Dataset items:
· · · · · · ·

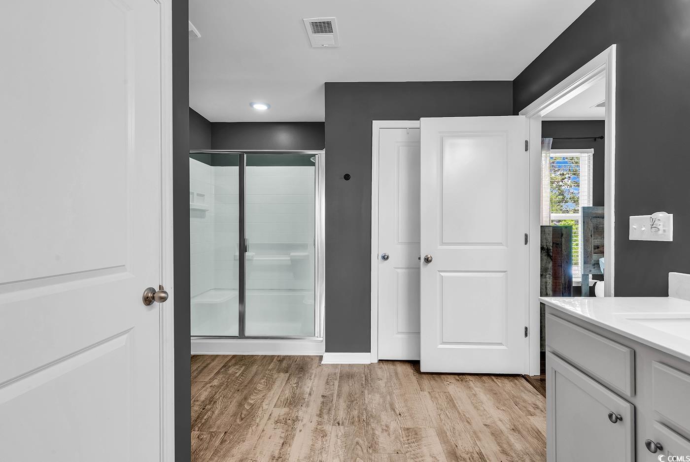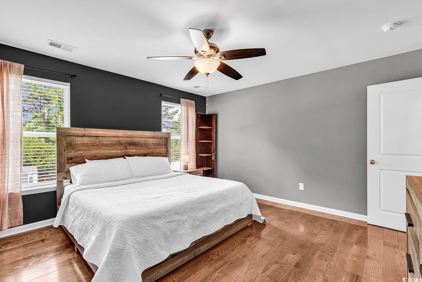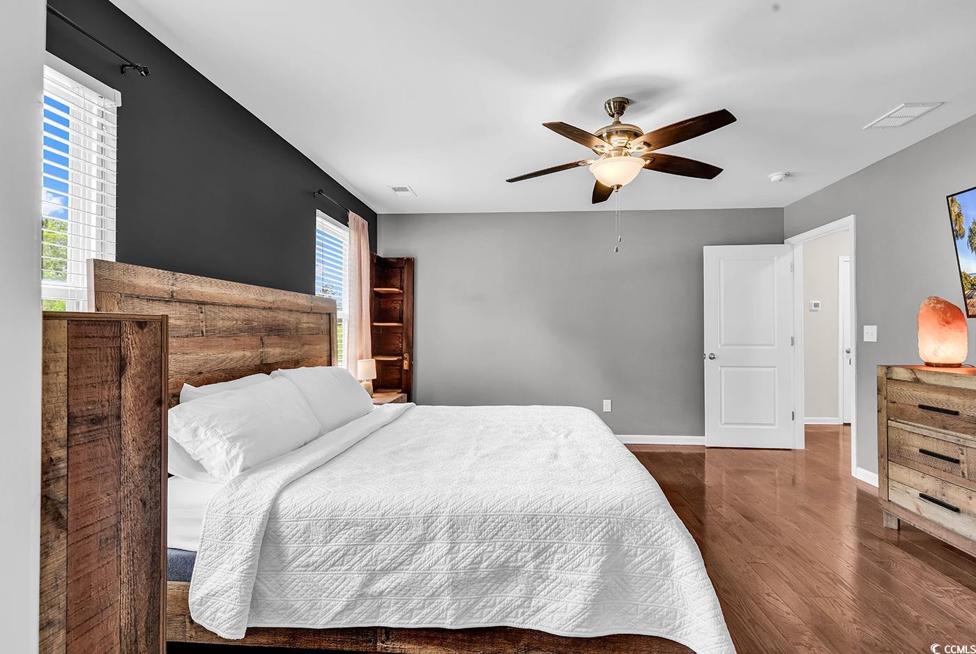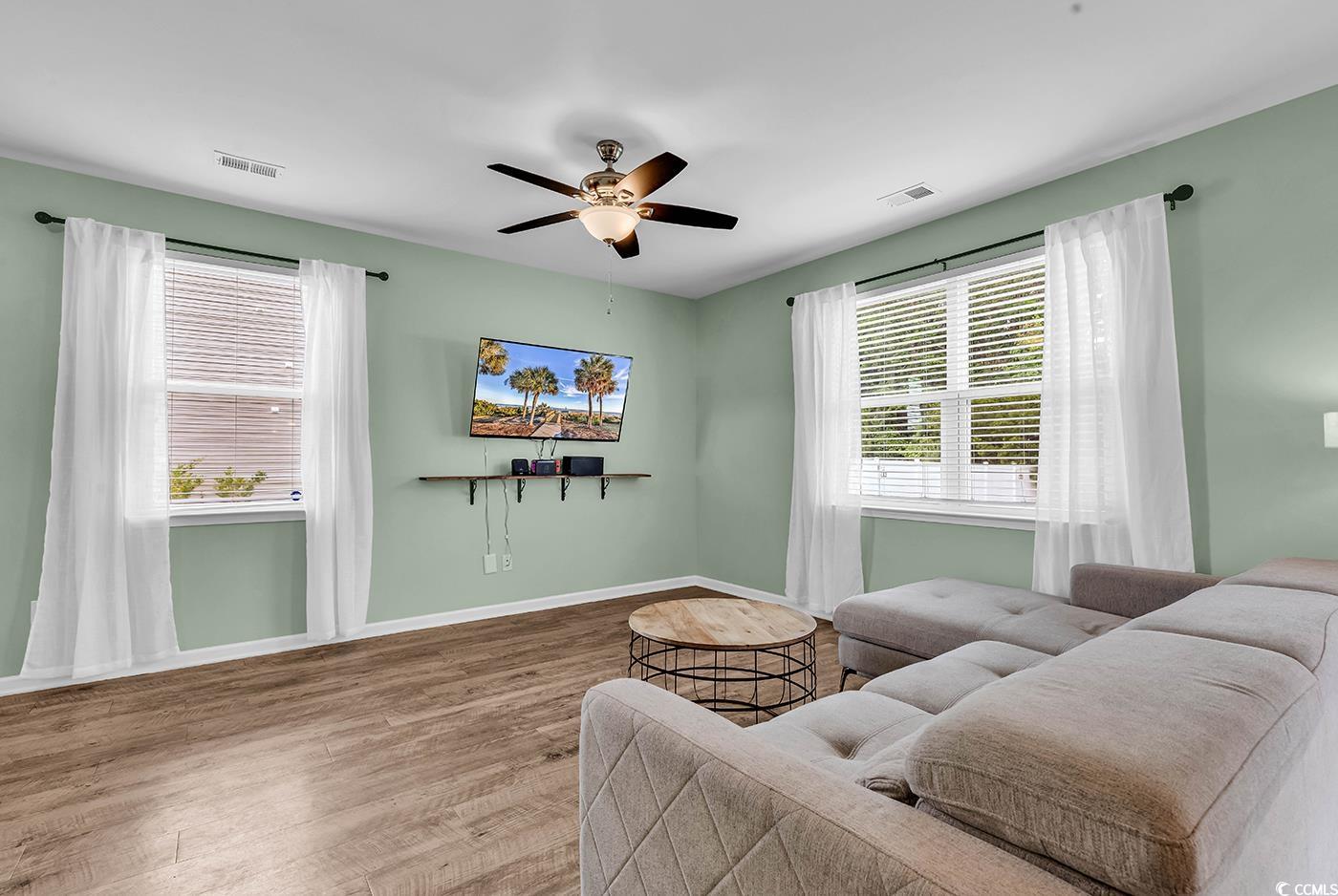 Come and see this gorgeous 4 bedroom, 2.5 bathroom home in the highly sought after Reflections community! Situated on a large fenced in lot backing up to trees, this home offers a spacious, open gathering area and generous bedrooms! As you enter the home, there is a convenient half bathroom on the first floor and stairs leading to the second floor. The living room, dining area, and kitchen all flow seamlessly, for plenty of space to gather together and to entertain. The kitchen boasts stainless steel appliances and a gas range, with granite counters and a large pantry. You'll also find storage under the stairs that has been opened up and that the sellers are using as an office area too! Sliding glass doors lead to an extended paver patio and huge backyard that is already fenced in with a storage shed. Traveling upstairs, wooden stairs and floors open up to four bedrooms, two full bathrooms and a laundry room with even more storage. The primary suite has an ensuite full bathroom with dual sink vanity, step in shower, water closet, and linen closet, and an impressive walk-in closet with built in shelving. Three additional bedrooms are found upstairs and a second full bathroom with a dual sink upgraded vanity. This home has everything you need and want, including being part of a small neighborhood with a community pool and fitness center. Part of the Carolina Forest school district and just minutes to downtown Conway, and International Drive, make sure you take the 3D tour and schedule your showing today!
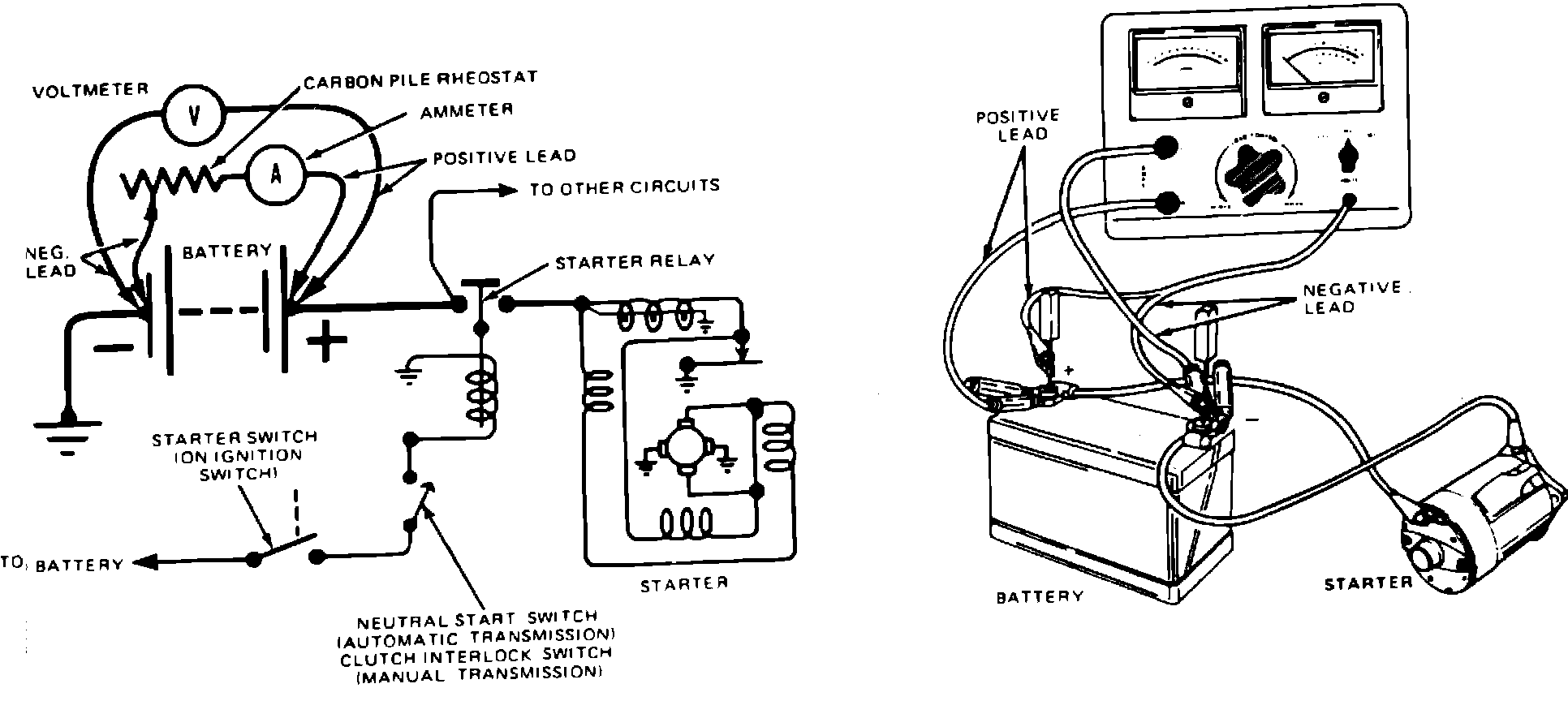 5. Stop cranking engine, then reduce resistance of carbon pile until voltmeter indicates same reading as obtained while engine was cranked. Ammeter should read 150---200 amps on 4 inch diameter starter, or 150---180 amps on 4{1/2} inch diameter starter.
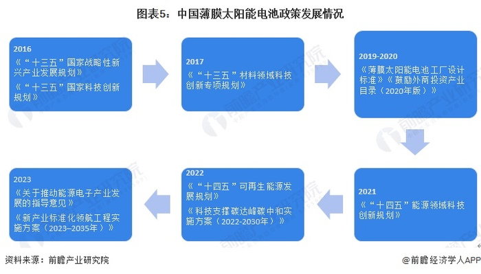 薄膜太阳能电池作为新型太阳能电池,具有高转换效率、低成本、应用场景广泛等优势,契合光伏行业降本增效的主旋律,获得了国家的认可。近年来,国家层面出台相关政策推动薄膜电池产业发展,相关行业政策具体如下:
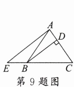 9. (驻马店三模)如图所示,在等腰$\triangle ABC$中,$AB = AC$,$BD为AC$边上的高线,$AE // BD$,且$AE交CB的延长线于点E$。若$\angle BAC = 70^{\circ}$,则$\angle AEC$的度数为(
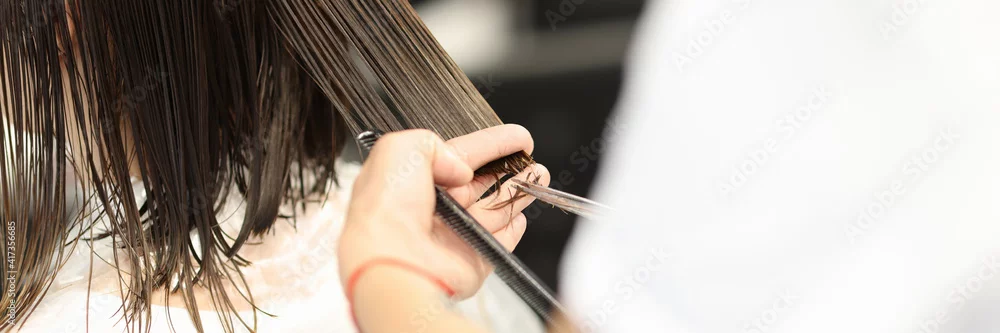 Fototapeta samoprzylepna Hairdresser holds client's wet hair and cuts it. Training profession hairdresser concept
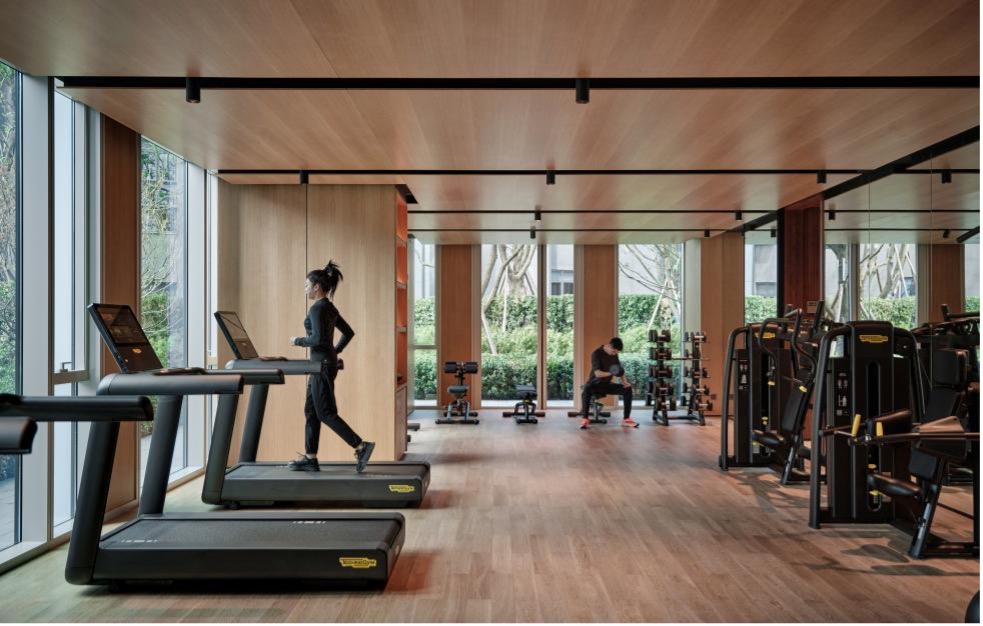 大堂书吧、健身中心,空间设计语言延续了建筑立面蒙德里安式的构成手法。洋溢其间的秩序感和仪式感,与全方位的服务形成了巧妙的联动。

· · · · · · ·

● Instructions for the task
Only the lines from the line with "9. (驻马店三模)如图所示,在等腰$\triangle ABC$中,$AB" through the closing line of the data, both included, should be set down, exactly as written and without pictures.

● Task response
 9. (驻马店三模)如图所示,在等腰$\triangle ABC$中,$AB = AC$,$BD为AC$边上的高线,$AE // BD$,且$AE交CB的延长线于点E$。若$\angle BAC = 70^{\circ}$,则$\angle AEC$的度数为(
 Fototapeta samoprzylepna Hairdresser holds client's wet hair and cuts it. Training profession hairdresser concept
 大堂书吧、健身中心,空间设计语言延续了建筑立面蒙德里安式的构成手法。洋溢其间的秩序感和仪式感,与全方位的服务形成了巧妙的联动。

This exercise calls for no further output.